*Source data*.
════════

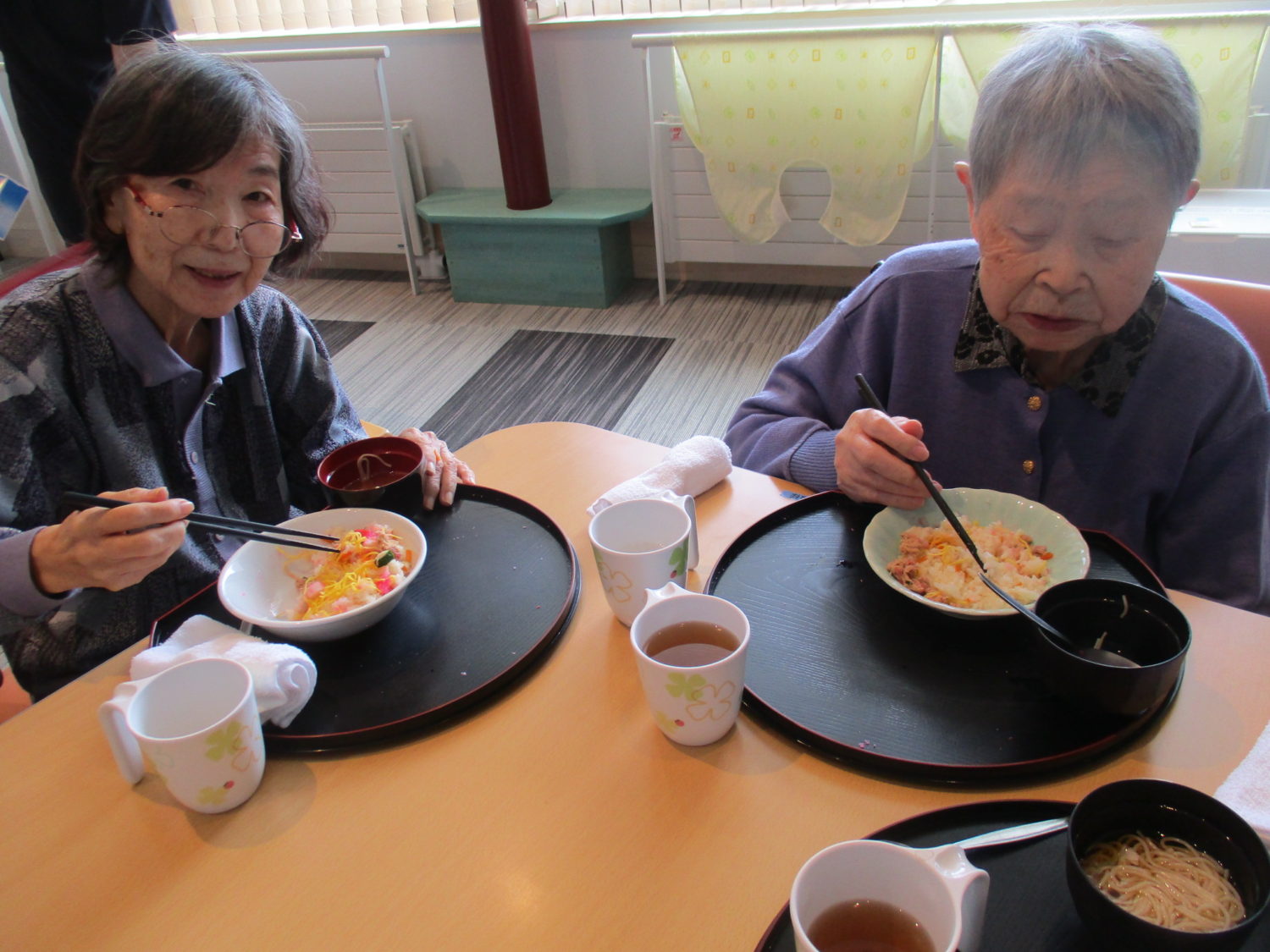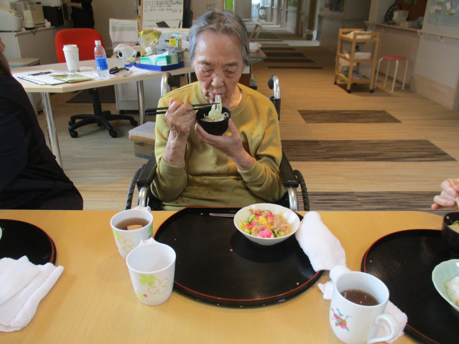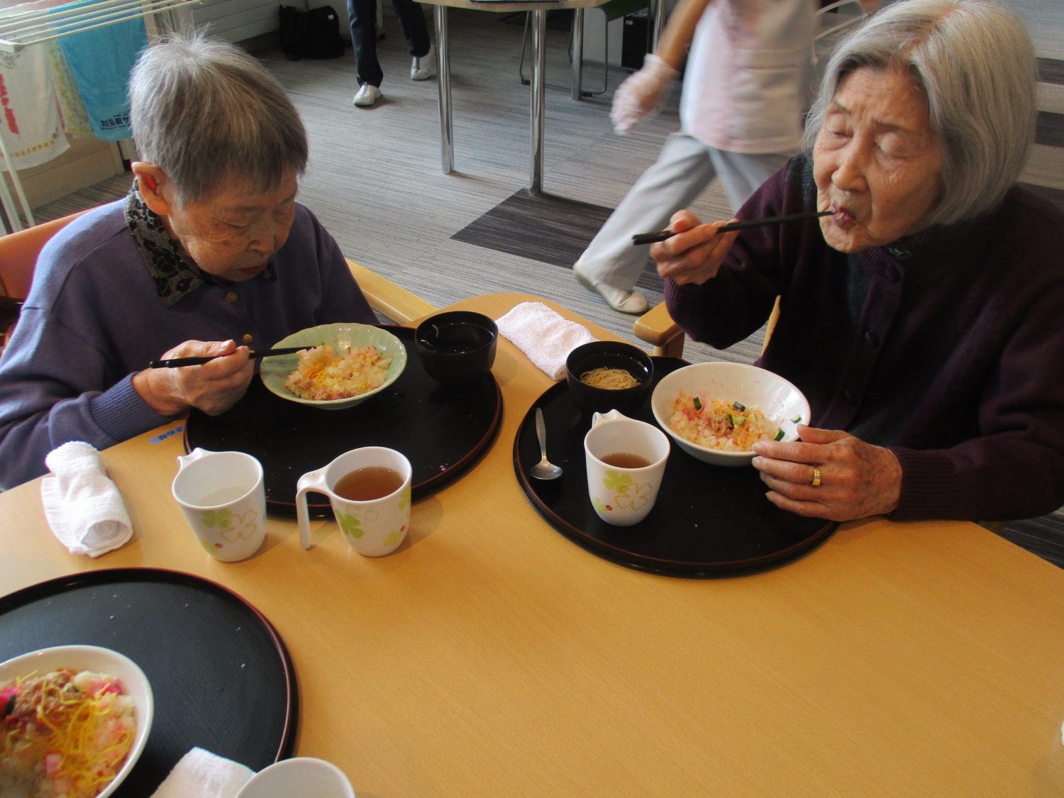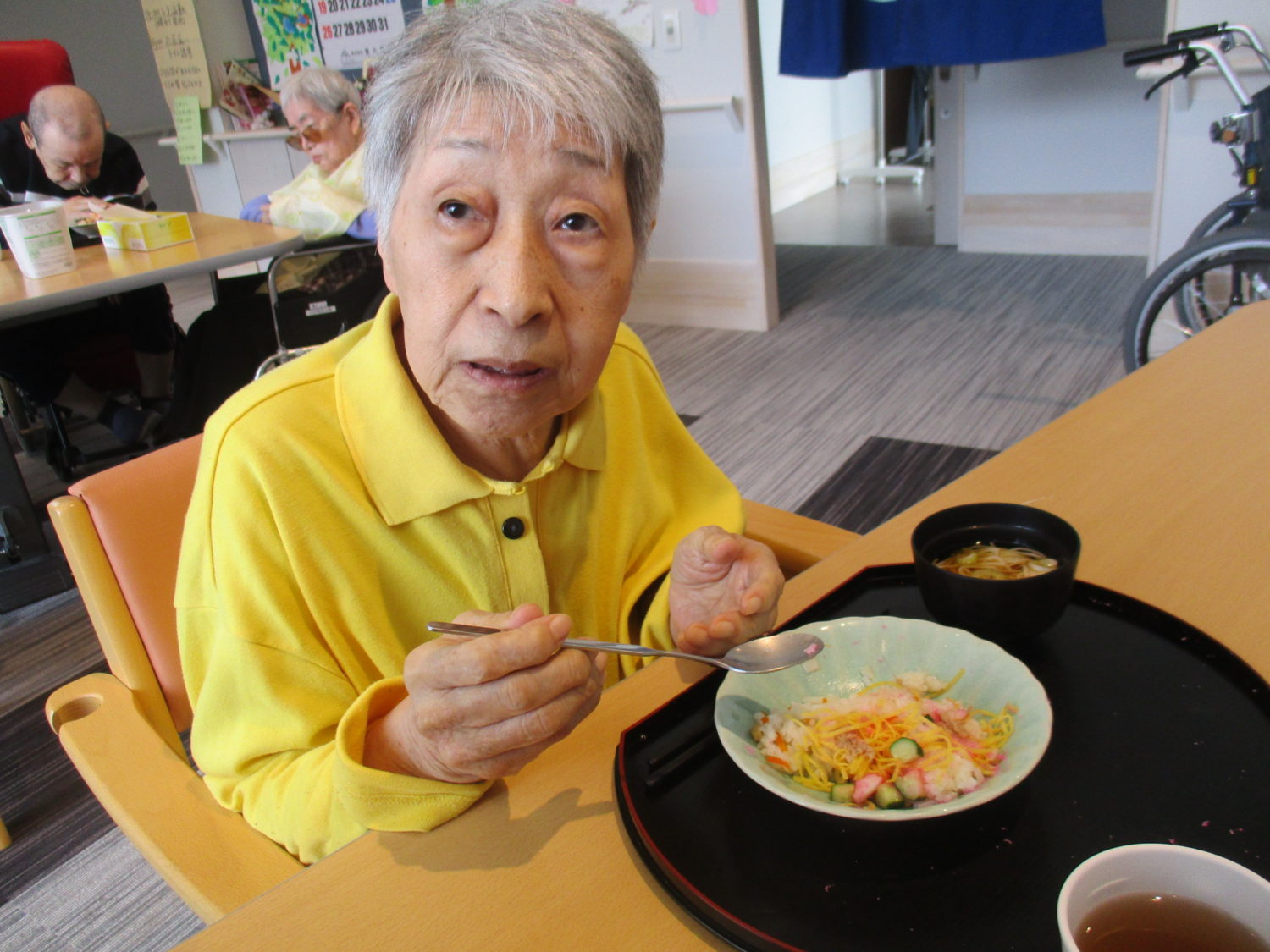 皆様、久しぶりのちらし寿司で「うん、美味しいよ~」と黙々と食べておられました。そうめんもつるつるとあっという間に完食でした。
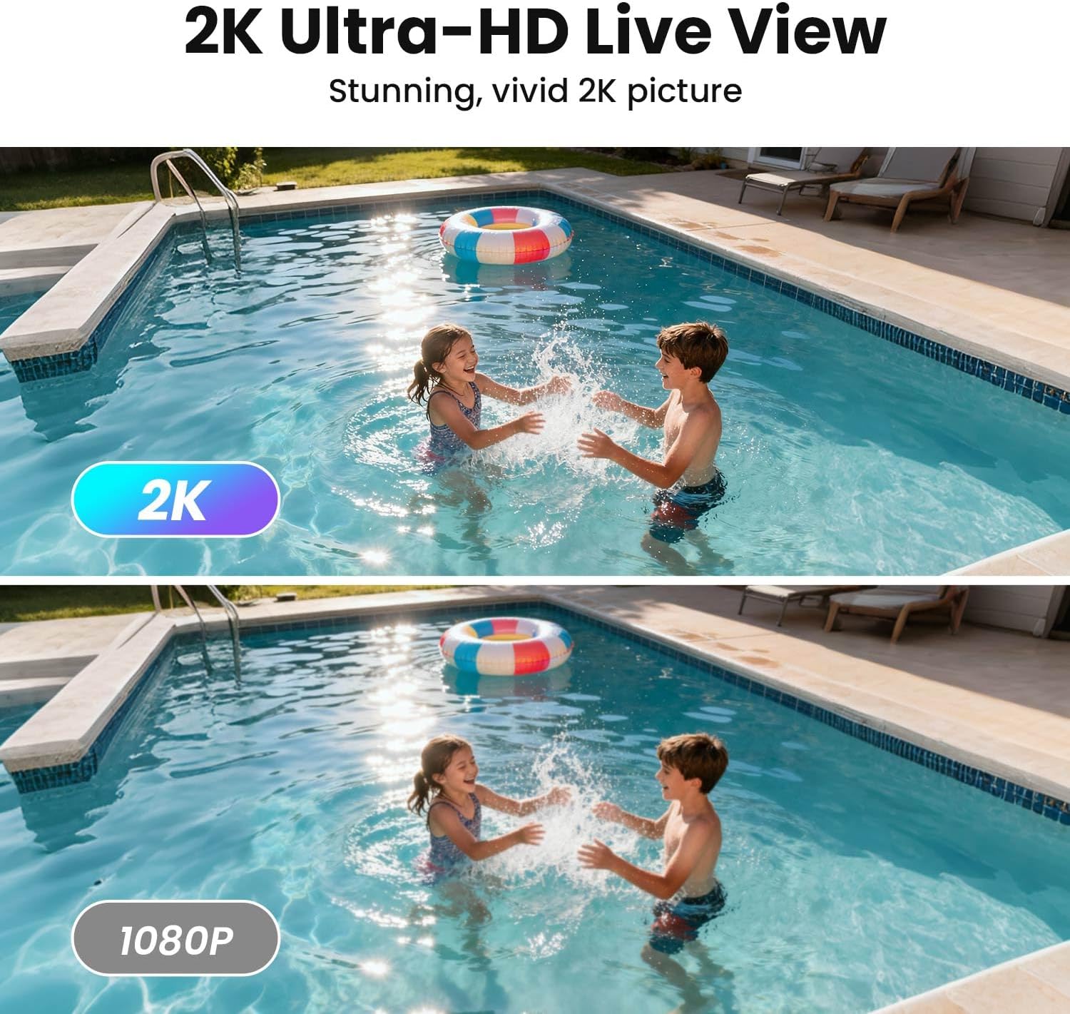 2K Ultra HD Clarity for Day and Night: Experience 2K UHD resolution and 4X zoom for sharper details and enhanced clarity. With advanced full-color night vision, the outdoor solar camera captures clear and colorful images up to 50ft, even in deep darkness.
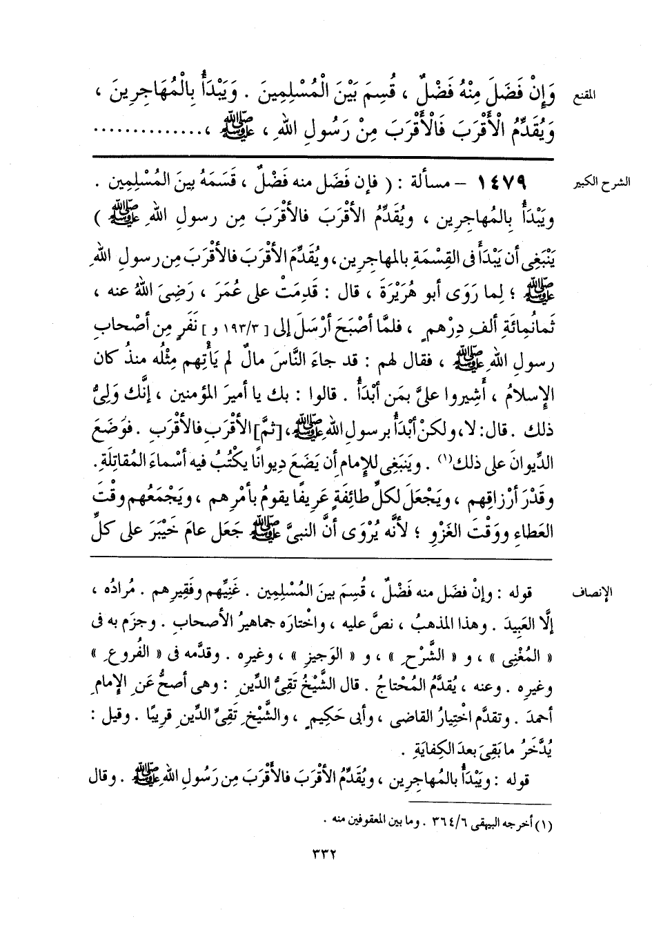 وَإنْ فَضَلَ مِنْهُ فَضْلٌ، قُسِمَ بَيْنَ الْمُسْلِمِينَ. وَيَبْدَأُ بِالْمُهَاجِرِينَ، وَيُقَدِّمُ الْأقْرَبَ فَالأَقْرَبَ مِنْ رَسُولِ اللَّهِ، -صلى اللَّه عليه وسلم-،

════════

*Exercise instructions*. Extract, word for word, every line from the one containing "2K Ultra HD" to the end of the data above, both ends included, and leave out the pictures.

*Solution to the problem*.
 2K Ultra HD Clarity for Day and Night: Experience 2K UHD resolution and 4X zoom for sharper details and enhanced clarity. With advanced full-color night vision, the outdoor solar camera captures clear and colorful images up to 50ft, even in deep darkness.
 وَإنْ فَضَلَ مِنْهُ فَضْلٌ، قُسِمَ بَيْنَ الْمُسْلِمِينَ. وَيَبْدَأُ بِالْمُهَاجِرِينَ، وَيُقَدِّمُ الْأقْرَبَ فَالأَقْرَبَ مِنْ رَسُولِ اللَّهِ، -صلى اللَّه عليه وسلم-،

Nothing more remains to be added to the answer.